Court dismisses appeal against sentence for dangerous driving

The Court of Criminal Appeal has dismissed an appeal against the three year jail sentence imposed on a Lithuanian man who struck a pedestrian, who had both legs amputated as a result of the injuries he sustained, while driving a van in a dangerous manner.

The Court of Criminal Appeal has dismissed an appeal against the three year jail sentence imposed on a Lithuanian man who struck a pedestrian, who had both legs amputated as a result of the injuries he sustained, while driving a van in a dangerous manner.

Last year at Nenagh Circuit Court Lithuanian Stas Belov, 23, Bruach Tailte, Nenagh was jailed for three years after he pleaded guilty to dangerous driving causing harm at Benedine Nenagh, at 1am on July 17 2006.

Today the three judge court of Mr Justice Joseph Finnegan, presiding sitting with Mr Daniel Herbert, and Ms Justice Maureen Clark dismissed Belov's appeal against the three year sentence.

The van Belov was driving hit 54 year-old civil servant Patrick Lynch, from Nenagh, who was out walking at the time.

Mr Lynch, who was present in court during the hearing, was dragged along a wall by the van and ended up close to a railway line, and suffered numerous serious injuries, and the many operations he underwent.

Both his legs had to be removed, one from above the knee the other from below.
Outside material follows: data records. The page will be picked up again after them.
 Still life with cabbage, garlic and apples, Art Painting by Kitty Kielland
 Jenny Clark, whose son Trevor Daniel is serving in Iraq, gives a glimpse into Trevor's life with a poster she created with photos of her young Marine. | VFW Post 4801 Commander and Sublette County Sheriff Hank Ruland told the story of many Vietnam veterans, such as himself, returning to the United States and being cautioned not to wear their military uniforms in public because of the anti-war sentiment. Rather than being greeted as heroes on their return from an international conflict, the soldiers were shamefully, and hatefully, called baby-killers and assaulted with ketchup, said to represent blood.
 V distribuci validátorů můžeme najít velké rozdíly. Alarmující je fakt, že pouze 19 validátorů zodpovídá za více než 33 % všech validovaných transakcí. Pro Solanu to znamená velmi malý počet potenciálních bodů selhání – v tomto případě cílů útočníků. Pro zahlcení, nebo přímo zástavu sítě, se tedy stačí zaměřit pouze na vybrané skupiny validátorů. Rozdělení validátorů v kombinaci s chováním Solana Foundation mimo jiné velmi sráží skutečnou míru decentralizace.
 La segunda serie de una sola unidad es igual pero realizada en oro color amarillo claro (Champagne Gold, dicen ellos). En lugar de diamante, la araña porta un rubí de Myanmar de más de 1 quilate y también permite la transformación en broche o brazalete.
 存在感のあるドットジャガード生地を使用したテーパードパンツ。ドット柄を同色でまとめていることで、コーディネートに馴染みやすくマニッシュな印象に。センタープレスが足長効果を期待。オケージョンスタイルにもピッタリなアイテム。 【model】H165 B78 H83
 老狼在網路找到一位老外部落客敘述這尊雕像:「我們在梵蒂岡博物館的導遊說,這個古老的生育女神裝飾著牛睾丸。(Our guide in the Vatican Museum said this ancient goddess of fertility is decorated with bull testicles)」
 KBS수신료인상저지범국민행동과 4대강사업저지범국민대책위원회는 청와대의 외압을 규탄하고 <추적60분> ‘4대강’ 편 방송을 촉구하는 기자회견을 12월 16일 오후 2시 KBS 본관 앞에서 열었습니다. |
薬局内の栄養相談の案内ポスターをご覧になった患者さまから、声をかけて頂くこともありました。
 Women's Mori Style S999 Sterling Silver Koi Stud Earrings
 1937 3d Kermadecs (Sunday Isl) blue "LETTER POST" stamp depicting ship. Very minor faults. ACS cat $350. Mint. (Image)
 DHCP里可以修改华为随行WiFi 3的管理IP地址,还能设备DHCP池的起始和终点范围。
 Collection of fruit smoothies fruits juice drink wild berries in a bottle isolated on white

Mr Lynch is confined to a wheelchair for life.

Moving the appeal counsel for Belov Rosario Boyle SC said that the appeal was being brought on grounds including that the sentencing judge had erred by not building in some rehabilitative aspect to the sentence imposed, and argued that it would appropriate that some of the sentence should be suspended in order to give Belov some hope.

Counsel added that Belov's father was murdered when he was 15, was abandoned by his mother and ended up in an orphanage, and had addition to alcohol.

Opposing the application on behalf of the DPP Paul Carroll BL said the sentence imposed on Belov should stand.

The maximum sentence that could have handed down in this case was 10 years, counsel said.

In its judgment the CCA dismissed the appeal said that it "in the courts opinion there was no error in the sentence imposed."

Mr Justice Finnegan said that this was "a most serious matter", and noted the injuries Mr Lynch suffered, including the fact that he contracted MRSA while in hospital, and the effects this incident had on both him and his family.

The Court said that Belov also admitted driving the van without the consent of the owner, having no insurance and drink driving.

While the sentences he received for those offences were not subject to the appeal before the CCA, however the CCA believed that the sentencing judge was correct to take them into account when imposing the three year prison term.

Belov, the court added, was over twice the legal drink driving limit when the accident occurred.